Found a great article on clickjacking, which is a kind of amorphous web hacking technique. The article is here:
http://hackademix.net/2008/09/27/clickjacking-and-noscript/
Basically the gist of clickjacking is that it is like an XSRF attack combined with some javascript trickery. Say for example you are targeting a victim whom you know banks at XYZ bank online. Say you also know that XYZ bank's website lets users persist their sessions, so that you can reasonably assume that if you can get the victim to visit a page you control, their browser might already be "pre-authenticated" to that bank. Say also you know that a specially formatted URL at XYZ, for example
http://www.xyzbank.com/transferfunds?targetaccount=<acct number>, will cause funds to be transferred.
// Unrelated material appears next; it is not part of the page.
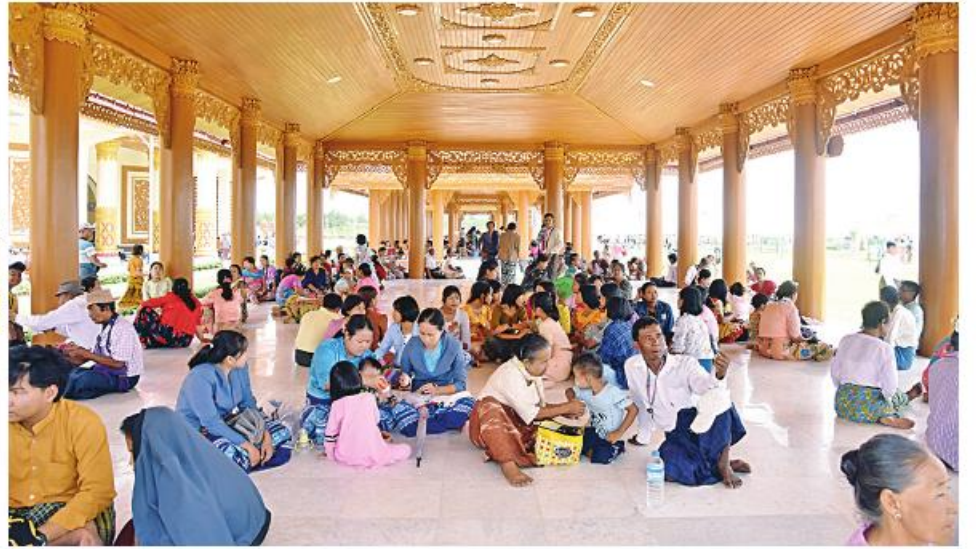
ပြည်ထောင်စုနယ်မြေ နေပြည်တော် ဒက္ခိဏဘက်ရှိ မြို့နယ်ရှိ ဗုဒ္ဓဗျာဉ်ဝတ္ထုကတော်တွင် တည်ထားကိုးကွယ်အောင်မြင်ခဲ့သည့် ကမ္ဘာပေါ်ရှိ ထိုင်တော်မူကျောက်ဆစ်ဗုဒ္ဓရုပ်ပွားတော်များအနက် ဣဏ်တော်အမြင့်ဆုံး ဖြစ်သည့် မာရဝိဇယဗုဒ္ဓရုပ်ပွားတော်မြတ်ကြီးအား အနယ်နယ်အရပ်ရပ်မှ လာရောက်ဖူးမြော်ကြည့်ညိကြသည့် ရဟန်းရှင်လူ ဘုရားဖူးလာပြည်သူများဖြင့် အထူးစည်ကားနေမှုကို တွေ့မြင်ရစဉ်။

စာမျက်နှာ ၁၈ မှ အဆက် တော်ဖြစ်ပါဝင်နိုင်ရေး မြန်မာနိုင်ငံသား USD နှုန်း တို့ဖြင့် သတ်မှတ်ကောက်ခံ Website ဖြစ်သည် mbiw.myannet. လေ့လာကြည့်ရှုနိုင်ကြောင်း နိဗ္ဗာန် လိုအပ်သည် ပြုပြင်ထိန်းသိမ်းခြင်း လူကြီး၊ ကလေး တစ်ဦးလျှင် ၁၀၀၀ သွားမည်ဖြစ်ပြီး အသေးစိတ်အား com၊ www.twitter.com၊ Maravijaya- အကျိုးမျှော်၍ နှိုးဆော်အသံပေးအပ် လုပ်ငန်းများဆောင်ရွက်ရာတွင် ကုသိုလ် ကျပ်နှင့် နိုင်ငံခြားသားတစ်ဦးလျှင် ၁၀ မာရဝိဇယ ဗုဒ္ဓရုပ်ပွားတော်မြတ်ကြီး၏ နှင့် t.me၊ Maravijaya တို့တွင် ဝင်ရောက် ပါသည်။

The problem is that users these days are getting more wary of clicking on any link on web pages that they visit. Here is where clickjacking comes in: using javascript you place an "invisible button" underneath the user's mouse cursor. This invisible button is always underneat the mouse cursor and thus will register an onClick event no matter where the user clicks on the page. You can make the action of this button open your malicious XSRF funds transfer URL and the user will never know that they (via their already logged-in web brower and it's stored cookies) just transferred funds to your account.
From the article:
"Think of any button on any Web site, internal or external, that you can
get to appear between the browser walls, wire transfers on banks, Digg
buttons, CPC advertising banners, Netflix queue, etc. The list is
virtually endless and these are relatively harmless examples. Next,
consider that an attack can invisibly hover these buttons below the
users' mouse, so that when they click on something they visually see,
they actually are clicking on something the attacker wants them to. […]
Say you have a home wireless router that you had authenticated prior to
going to a [malicious] web site. [The web site] could place a tag under
your mouse that frames in a single button an order to the router to,
for example, delete all firewall rules."
Good stuff. As I said before, buffer overflows are to the last 10 years as web application hacks are to the next 10 years.